* Records supplied *

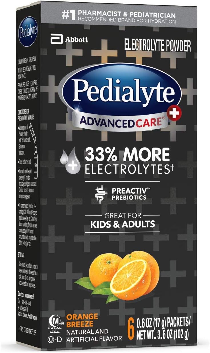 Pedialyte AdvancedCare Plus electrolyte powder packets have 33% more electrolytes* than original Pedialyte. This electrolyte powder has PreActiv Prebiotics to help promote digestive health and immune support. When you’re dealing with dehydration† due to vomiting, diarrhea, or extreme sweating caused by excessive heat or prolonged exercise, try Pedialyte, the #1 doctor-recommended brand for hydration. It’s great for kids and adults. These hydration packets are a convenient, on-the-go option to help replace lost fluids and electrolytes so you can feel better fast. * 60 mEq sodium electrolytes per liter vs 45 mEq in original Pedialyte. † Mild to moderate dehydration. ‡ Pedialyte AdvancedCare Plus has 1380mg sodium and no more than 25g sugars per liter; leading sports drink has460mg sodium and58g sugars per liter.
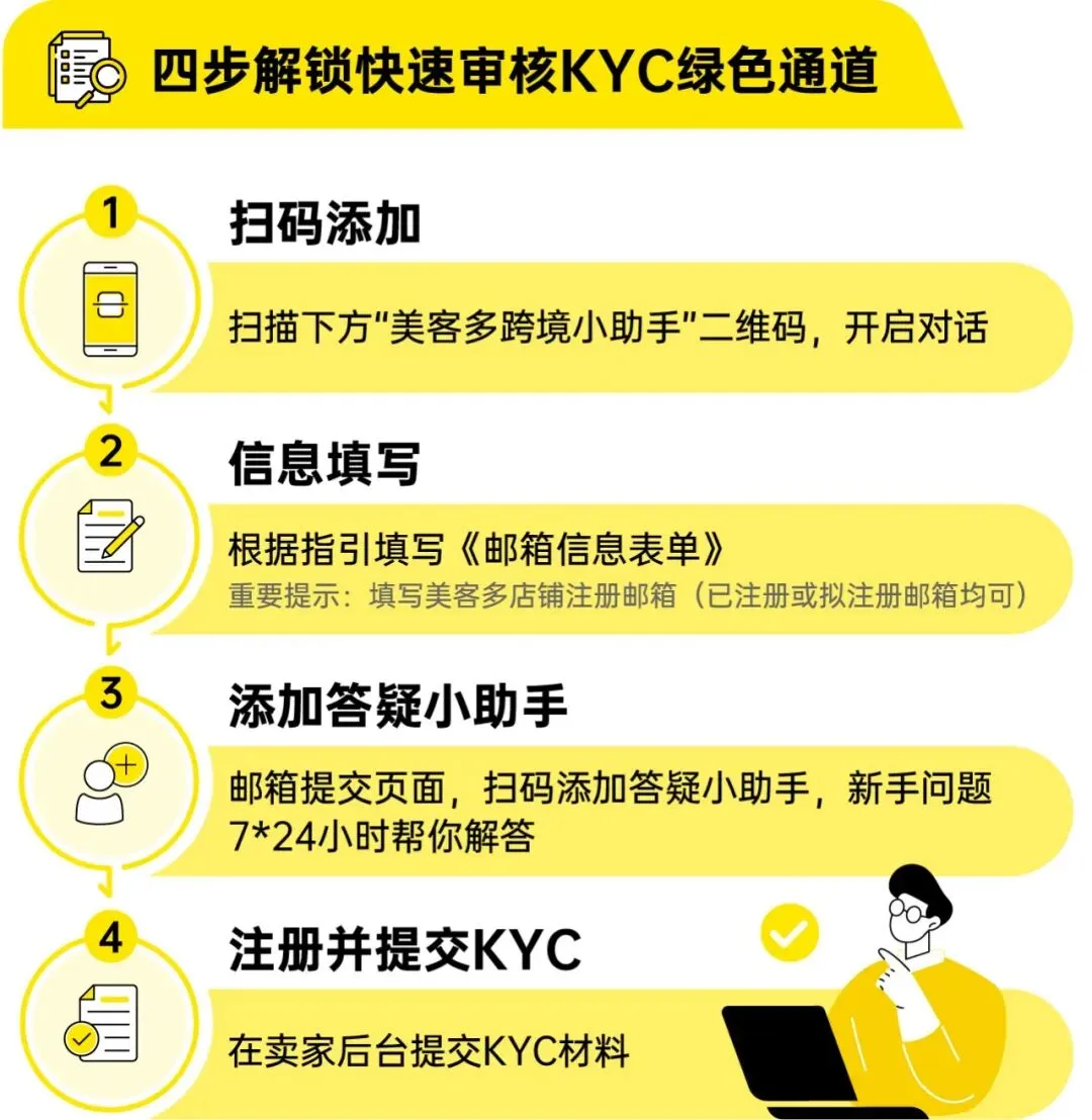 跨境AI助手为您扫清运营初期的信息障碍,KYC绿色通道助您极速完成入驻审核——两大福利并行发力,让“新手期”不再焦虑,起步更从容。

---

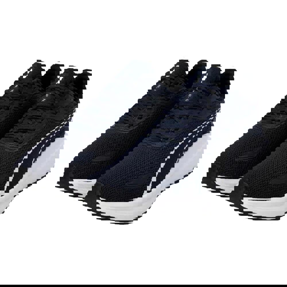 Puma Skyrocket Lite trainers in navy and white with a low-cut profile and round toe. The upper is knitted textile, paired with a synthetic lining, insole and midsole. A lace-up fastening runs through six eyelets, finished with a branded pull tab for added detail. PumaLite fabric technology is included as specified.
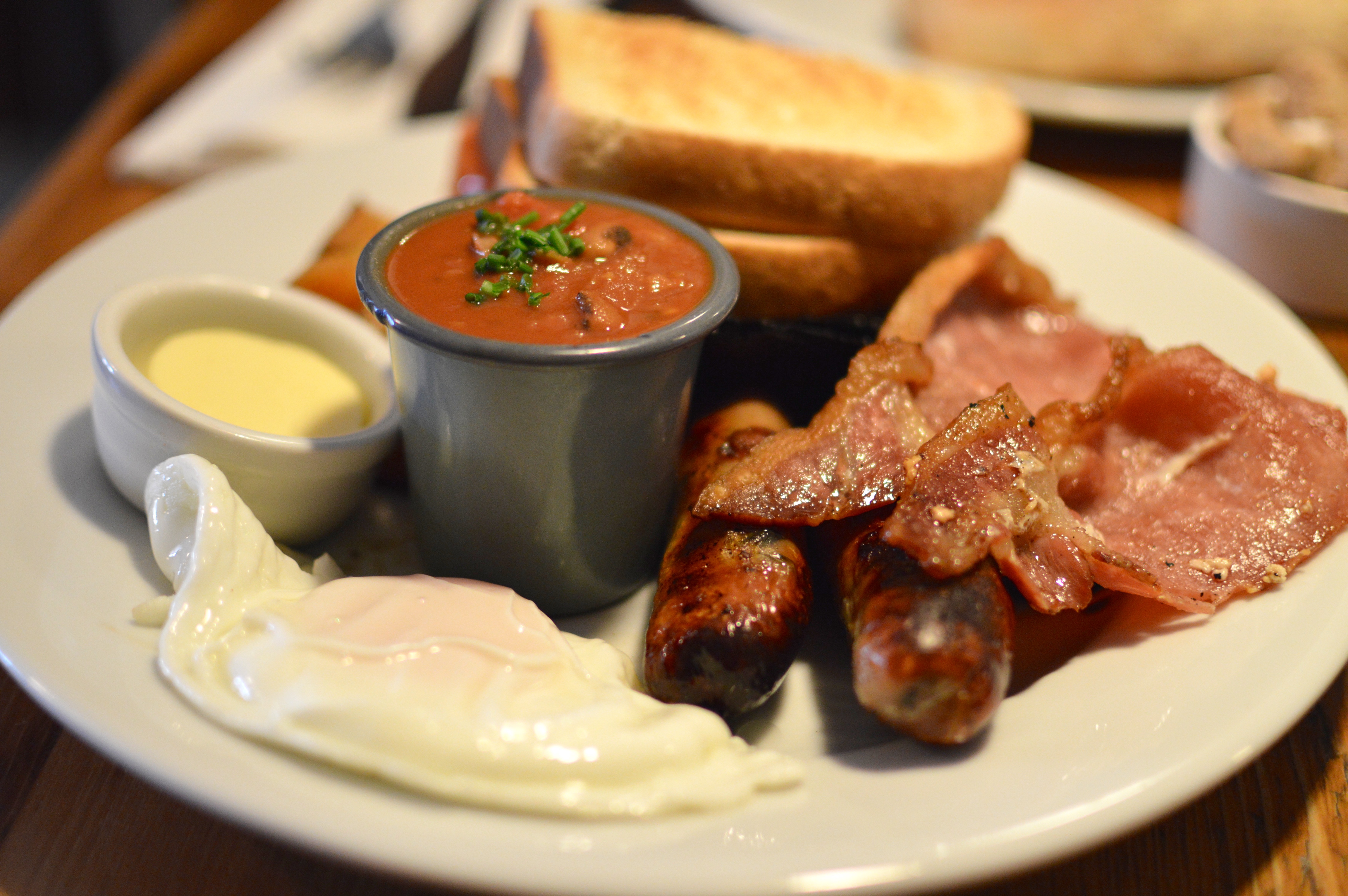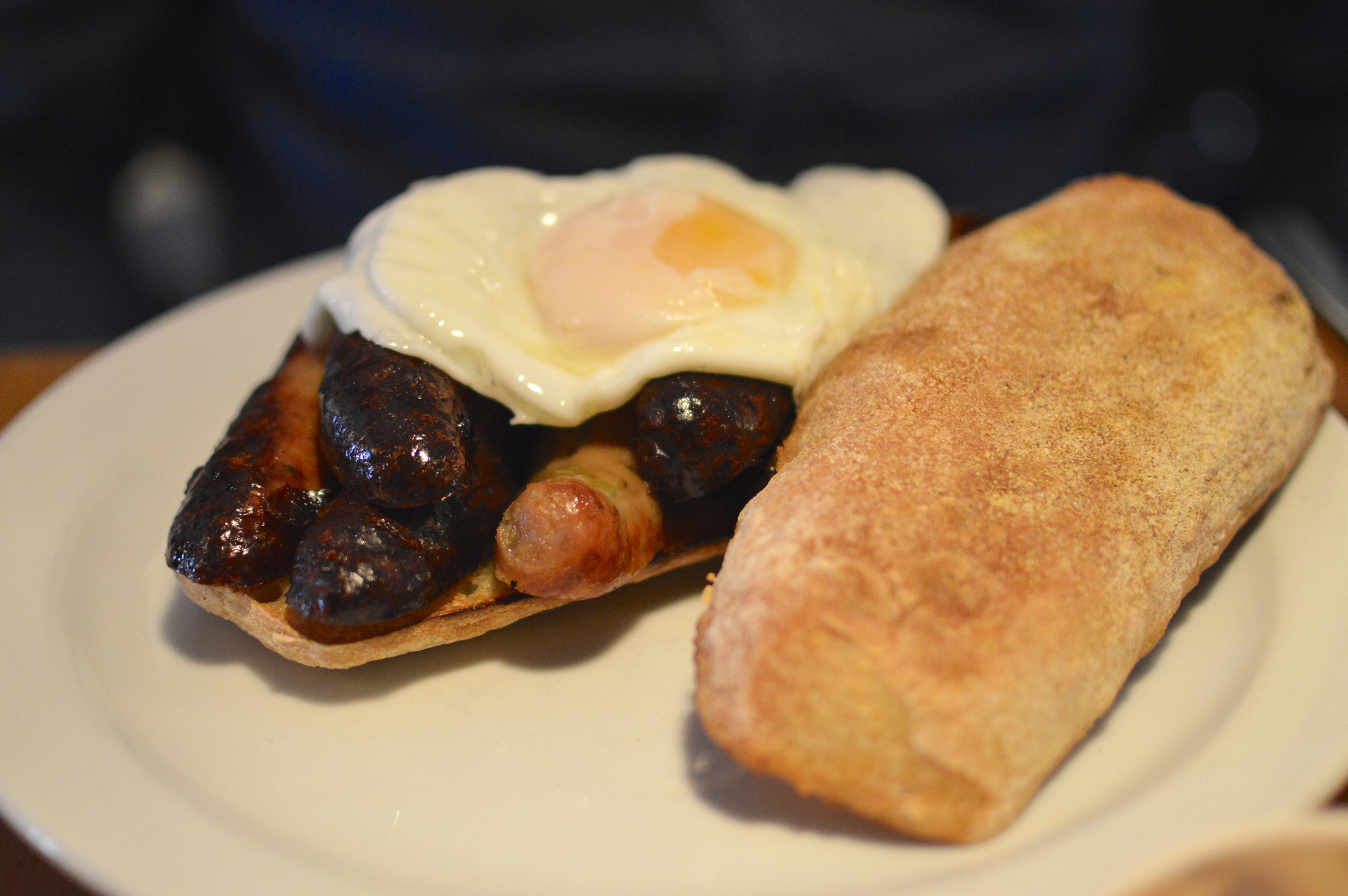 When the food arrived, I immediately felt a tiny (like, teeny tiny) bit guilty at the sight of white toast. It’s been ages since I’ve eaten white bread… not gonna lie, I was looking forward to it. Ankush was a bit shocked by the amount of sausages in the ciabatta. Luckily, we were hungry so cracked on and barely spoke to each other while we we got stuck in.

* Exercise directions *
Using the listing above, restate exactly the range between the lines holding "Pedialyte AdvancedCare Plus electrolyte" and "跨境AI助手为您扫清运营初期", inclusive, with pictures left out.

* Result for this task *
 Pedialyte AdvancedCare Plus electrolyte powder packets have 33% more electrolytes* than original Pedialyte. This electrolyte powder has PreActiv Prebiotics to help promote digestive health and immune support. When you’re dealing with dehydration† due to vomiting, diarrhea, or extreme sweating caused by excessive heat or prolonged exercise, try Pedialyte, the #1 doctor-recommended brand for hydration. It’s great for kids and adults. These hydration packets are a convenient, on-the-go option to help replace lost fluids and electrolytes so you can feel better fast. * 60 mEq sodium electrolytes per liter vs 45 mEq in original Pedialyte. † Mild to moderate dehydration. ‡ Pedialyte AdvancedCare Plus has 1380mg sodium and no more than 25g sugars per liter; leading sports drink has460mg sodium and58g sugars per liter.
 跨境AI助手为您扫清运营初期的信息障碍,KYC绿色通道助您极速完成入驻审核——两大福利并行发力,让“新手期”不再焦虑,起步更从容。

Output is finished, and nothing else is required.